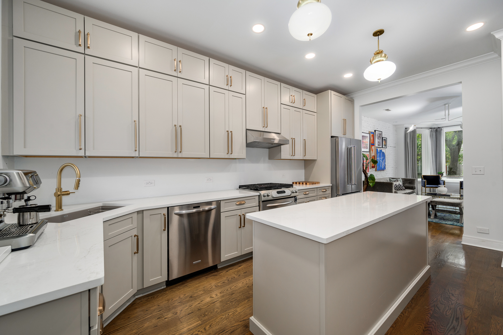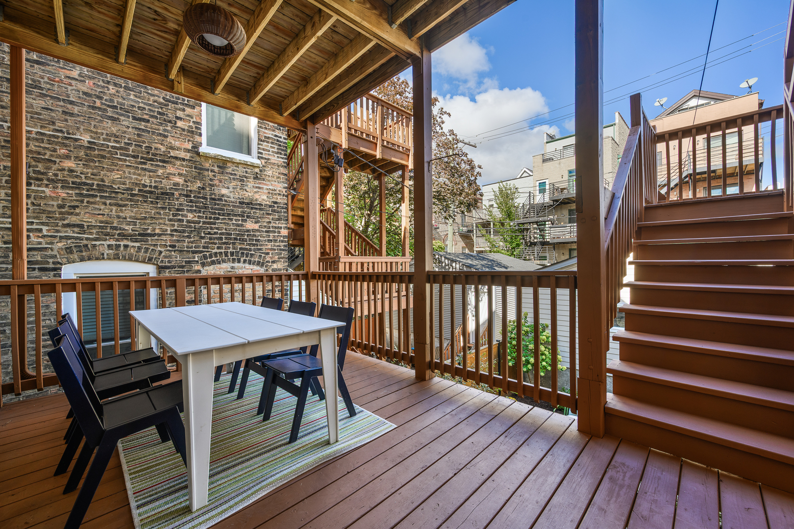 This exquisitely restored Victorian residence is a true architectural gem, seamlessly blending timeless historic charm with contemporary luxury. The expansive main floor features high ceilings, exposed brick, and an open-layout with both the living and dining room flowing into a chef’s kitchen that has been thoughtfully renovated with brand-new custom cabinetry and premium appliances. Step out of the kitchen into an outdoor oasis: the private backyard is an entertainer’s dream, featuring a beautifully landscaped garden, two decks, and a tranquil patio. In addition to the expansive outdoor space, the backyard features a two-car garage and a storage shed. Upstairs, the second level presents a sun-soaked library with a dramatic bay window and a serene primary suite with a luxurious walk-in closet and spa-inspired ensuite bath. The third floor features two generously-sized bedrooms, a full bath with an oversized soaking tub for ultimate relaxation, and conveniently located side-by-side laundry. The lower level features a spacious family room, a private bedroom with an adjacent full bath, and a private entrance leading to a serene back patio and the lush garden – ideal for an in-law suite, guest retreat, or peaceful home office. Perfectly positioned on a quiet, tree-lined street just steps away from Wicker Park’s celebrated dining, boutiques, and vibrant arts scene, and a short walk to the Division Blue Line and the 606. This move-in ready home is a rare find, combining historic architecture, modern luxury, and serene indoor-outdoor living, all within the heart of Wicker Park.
........
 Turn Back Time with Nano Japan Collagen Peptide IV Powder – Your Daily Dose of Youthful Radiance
........
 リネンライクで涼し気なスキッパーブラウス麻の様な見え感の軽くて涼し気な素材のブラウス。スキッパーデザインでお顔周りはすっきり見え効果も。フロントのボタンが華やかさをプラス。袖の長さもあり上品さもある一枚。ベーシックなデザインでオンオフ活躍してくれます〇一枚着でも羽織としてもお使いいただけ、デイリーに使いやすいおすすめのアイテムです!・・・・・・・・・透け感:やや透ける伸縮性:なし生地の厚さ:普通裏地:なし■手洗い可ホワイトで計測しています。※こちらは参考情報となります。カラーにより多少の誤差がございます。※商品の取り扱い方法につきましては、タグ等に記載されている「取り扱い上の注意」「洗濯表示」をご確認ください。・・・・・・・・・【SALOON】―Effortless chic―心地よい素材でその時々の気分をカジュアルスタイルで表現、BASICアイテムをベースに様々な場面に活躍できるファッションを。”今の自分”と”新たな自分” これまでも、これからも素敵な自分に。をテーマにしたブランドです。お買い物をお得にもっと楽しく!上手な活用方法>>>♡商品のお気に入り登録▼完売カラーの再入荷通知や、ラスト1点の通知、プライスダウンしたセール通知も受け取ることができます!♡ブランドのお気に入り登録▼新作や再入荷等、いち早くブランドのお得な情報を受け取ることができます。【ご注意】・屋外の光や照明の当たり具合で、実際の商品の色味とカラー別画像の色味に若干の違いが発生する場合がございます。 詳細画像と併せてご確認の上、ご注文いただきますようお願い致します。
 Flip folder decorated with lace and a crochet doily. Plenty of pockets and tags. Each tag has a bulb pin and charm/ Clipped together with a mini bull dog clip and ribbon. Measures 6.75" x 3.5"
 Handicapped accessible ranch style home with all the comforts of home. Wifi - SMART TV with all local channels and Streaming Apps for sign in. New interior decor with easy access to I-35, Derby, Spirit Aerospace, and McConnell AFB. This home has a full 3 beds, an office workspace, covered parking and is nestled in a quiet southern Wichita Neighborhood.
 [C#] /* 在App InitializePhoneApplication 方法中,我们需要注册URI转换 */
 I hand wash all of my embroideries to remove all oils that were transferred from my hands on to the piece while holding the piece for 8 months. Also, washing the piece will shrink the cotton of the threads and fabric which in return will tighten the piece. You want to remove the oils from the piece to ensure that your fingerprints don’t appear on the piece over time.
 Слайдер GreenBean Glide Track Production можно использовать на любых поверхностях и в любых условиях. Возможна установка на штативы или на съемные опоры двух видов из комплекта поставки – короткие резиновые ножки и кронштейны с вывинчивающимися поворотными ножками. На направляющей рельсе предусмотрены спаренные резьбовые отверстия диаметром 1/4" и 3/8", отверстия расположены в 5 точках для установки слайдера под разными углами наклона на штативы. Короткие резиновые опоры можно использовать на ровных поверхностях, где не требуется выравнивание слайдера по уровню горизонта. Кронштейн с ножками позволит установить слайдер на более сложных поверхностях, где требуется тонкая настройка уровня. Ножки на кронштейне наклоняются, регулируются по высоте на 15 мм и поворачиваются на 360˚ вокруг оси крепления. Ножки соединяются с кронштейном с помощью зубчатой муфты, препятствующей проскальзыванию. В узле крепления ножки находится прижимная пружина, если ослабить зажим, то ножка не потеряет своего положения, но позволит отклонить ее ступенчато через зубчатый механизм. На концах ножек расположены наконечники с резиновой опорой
........
• **THE PROBLEM**:
Taking the records above, retype every line from the one with "[C#] /* 在App" down to the one with "Слайдер GreenBean Glide", exactly and with nothing else.

• **RESULT**:
 [C#] /* 在App InitializePhoneApplication 方法中,我们需要注册URI转换 */
 I hand wash all of my embroideries to remove all oils that were transferred from my hands on to the piece while holding the piece for 8 months. Also, washing the piece will shrink the cotton of the threads and fabric which in return will tighten the piece. You want to remove the oils from the piece to ensure that your fingerprints don’t appear on the piece over time.
 Слайдер GreenBean Glide Track Production можно использовать на любых поверхностях и в любых условиях. Возможна установка на штативы или на съемные опоры двух видов из комплекта поставки – короткие резиновые ножки и кронштейны с вывинчивающимися поворотными ножками. На направляющей рельсе предусмотрены спаренные резьбовые отверстия диаметром 1/4" и 3/8", отверстия расположены в 5 точках для установки слайдера под разными углами наклона на штативы. Короткие резиновые опоры можно использовать на ровных поверхностях, где не требуется выравнивание слайдера по уровню горизонта. Кронштейн с ножками позволит установить слайдер на более сложных поверхностях, где требуется тонкая настройка уровня. Ножки на кронштейне наклоняются, регулируются по высоте на 15 мм и поворачиваются на 360˚ вокруг оси крепления. Ножки соединяются с кронштейном с помощью зубчатой муфты, препятствующей проскальзыванию. В узле крепления ножки находится прижимная пружина, если ослабить зажим, то ножка не потеряет своего положения, но позволит отклонить ее ступенчато через зубчатый механизм. На концах ножек расположены наконечники с резиновой опорой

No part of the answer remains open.